Class AbstractRecursiveParserWrapperHandler

java.lang.Object
org.xml.sax.helpers.DefaultHandler
org.apache.tika.sax.AbstractRecursiveParserWrapperHandler
All Implemented Interfaces:
Serializable, ContentHandler, DTDHandler, EntityResolver, ErrorHandler
Direct Known Subclasses:
RecursiveParserWrapperHandler

public abstract class AbstractRecursiveParserWrapperHandler extends DefaultHandler implements Serializable
This is a special handler to be used only with the RecursiveParserWrapper. It allows for finer-grained processing of embedded documents than in the legacy handlers.
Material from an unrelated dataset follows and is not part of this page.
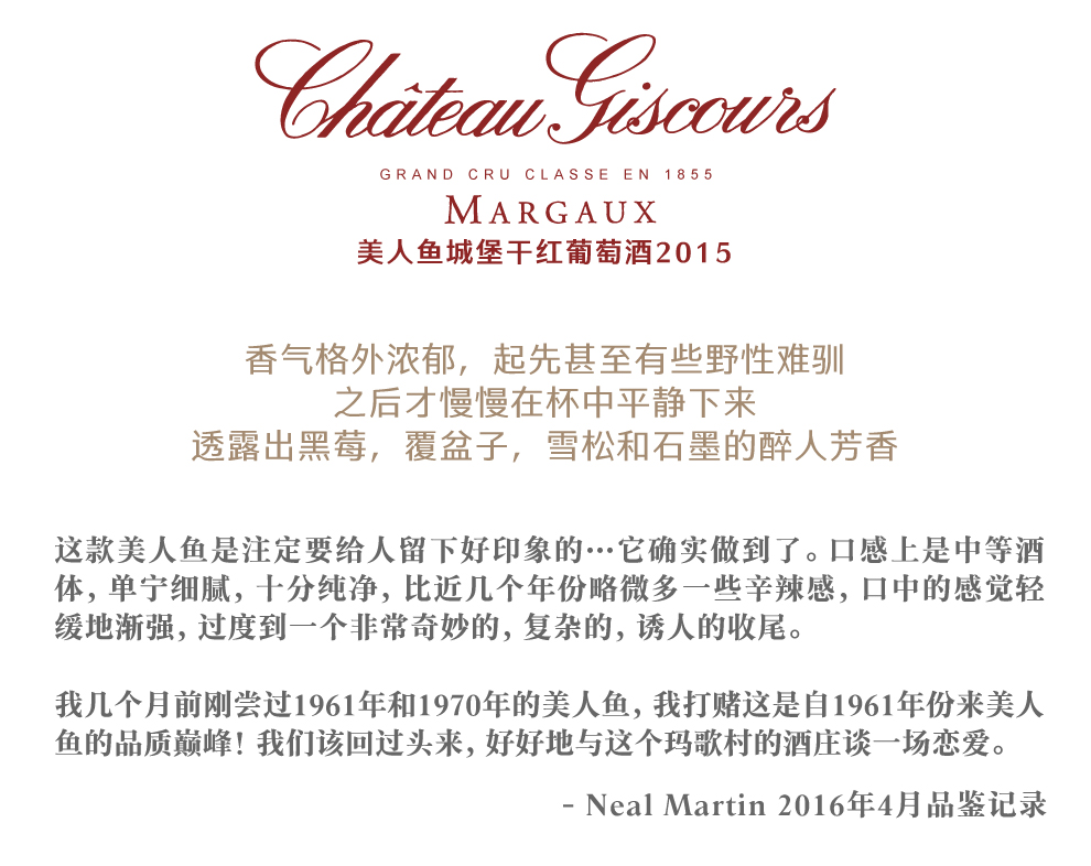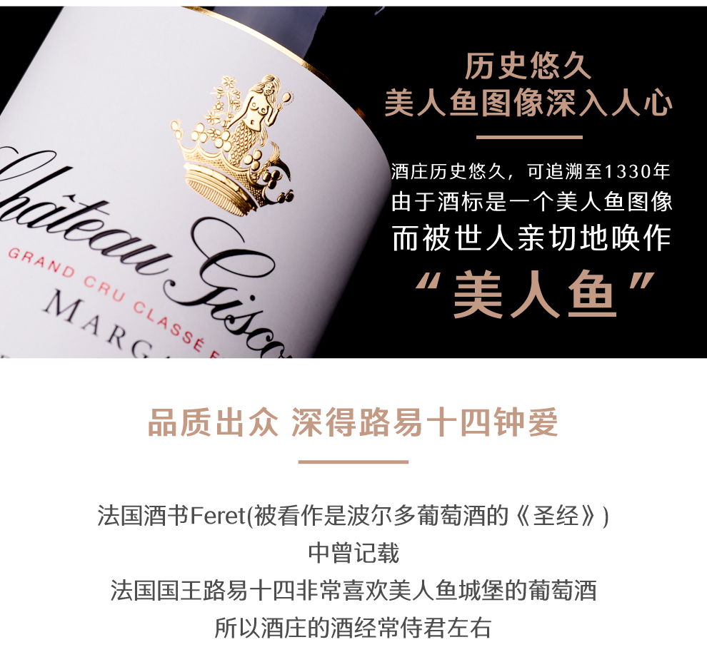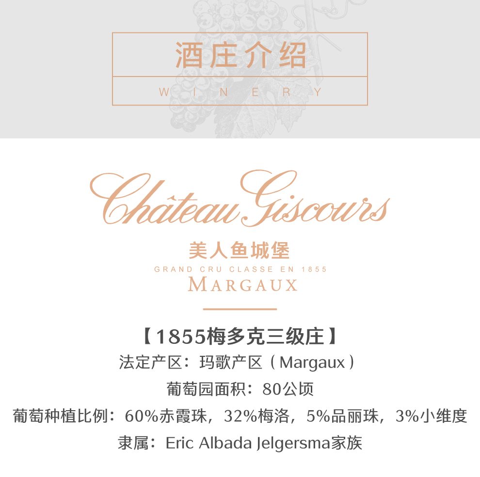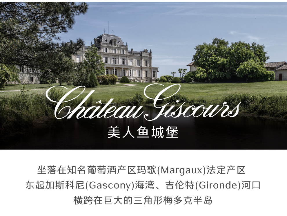 美人鱼城堡(Chateau Giscours)在1855年梅多克评级中被评为三级酒庄,因酒庄的酒标是一个美人鱼图像而被世人亲切地唤作“美人鱼”。美人鱼城堡坐落在世界顶级葡萄酒产区玛歌(Margaux),是梅多克产区最大的酒庄之一,也是波尔多产区最大的酒庄之一,距离波尔多西北部20公里,东起加斯科尼(Gascony)海湾、吉伦特(Gironde)河口,横跨在巨大的三角形梅多克半岛。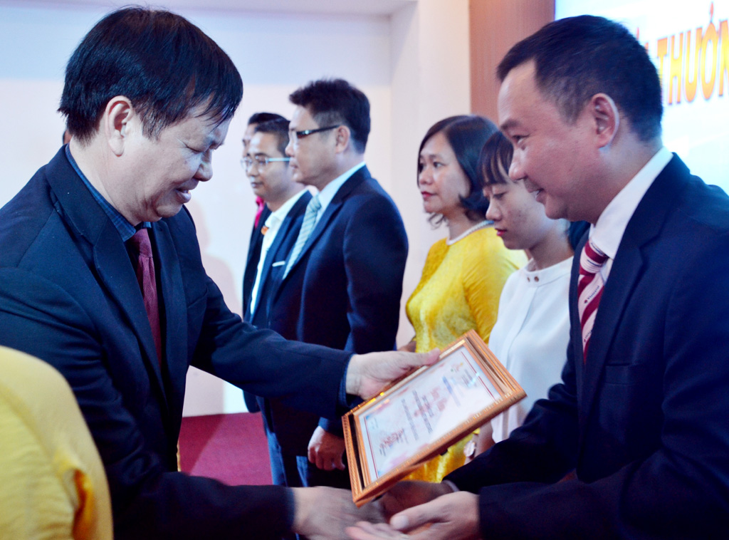 Ông Nguyễn Dung, Phó Chủ tịch UBND tỉnh Thừa Thiên Huế (bên trái) trao chứng nhận giải thưởng cho ông Hoàng Văn Khánh, Giám đốc Vietravel - Chi nhánh Huế

Subclasses can choose how to process individual embedded documents.
See Also:
  • Field Details

    • EMBEDDED_RESOURCE_LIMIT_REACHED

      public static final Property EMBEDDED_RESOURCE_LIMIT_REACHED
  • Constructor Details

    • AbstractRecursiveParserWrapperHandler

      public AbstractRecursiveParserWrapperHandler(ContentHandlerFactory contentHandlerFactory)
    • AbstractRecursiveParserWrapperHandler

      public AbstractRecursiveParserWrapperHandler(ContentHandlerFactory contentHandlerFactory, int maxEmbeddedResources)
  • Method Details

    • getNewContentHandler

      public ContentHandler getNewContentHandler()
    • getNewContentHandler

      public ContentHandler getNewContentHandler(OutputStream os, Charset charset)
    • startEmbeddedDocument

      public void startEmbeddedDocument(ContentHandler contentHandler, Metadata metadata) throws SAXException
      This is called before parsing each embedded document. Override this for custom behavior. Make sure to call this in your custom classes because this tracks the number of embedded documents.
      Parameters:
      contentHandler - local handler to be used on this embedded document
      metadata - embedded document's metadata
      Throws:
      SAXException
    • endEmbeddedDocument

      public void endEmbeddedDocument(ContentHandler contentHandler, Metadata metadata) throws SAXException
      This is called after parsing each embedded document. Override this for custom behavior. This is currently a no-op.
      Parameters:
      contentHandler - content handler that was used on this embedded document
      metadata - metadata for this embedded document
      Throws:
      SAXException
    • endDocument

      public void endDocument(ContentHandler contentHandler, Metadata metadata) throws SAXException
      This is called after the full parse has completed. Override this for custom behavior. Make sure to call this as super.endDocument(...) in subclasses because this adds whether or not the embedded resource maximum has been hit to the metadata.
      Parameters:
      contentHandler - content handler that was used on the main document
      metadata - metadata that was gathered for the main document
      Throws:
      SAXException
    • hasHitMaximumEmbeddedResources

      public boolean hasHitMaximumEmbeddedResources()
      Returns:
      whether this handler has hit the maximum embedded resources during the parse
    • getContentHandlerFactory

      public ContentHandlerFactory getContentHandlerFactory()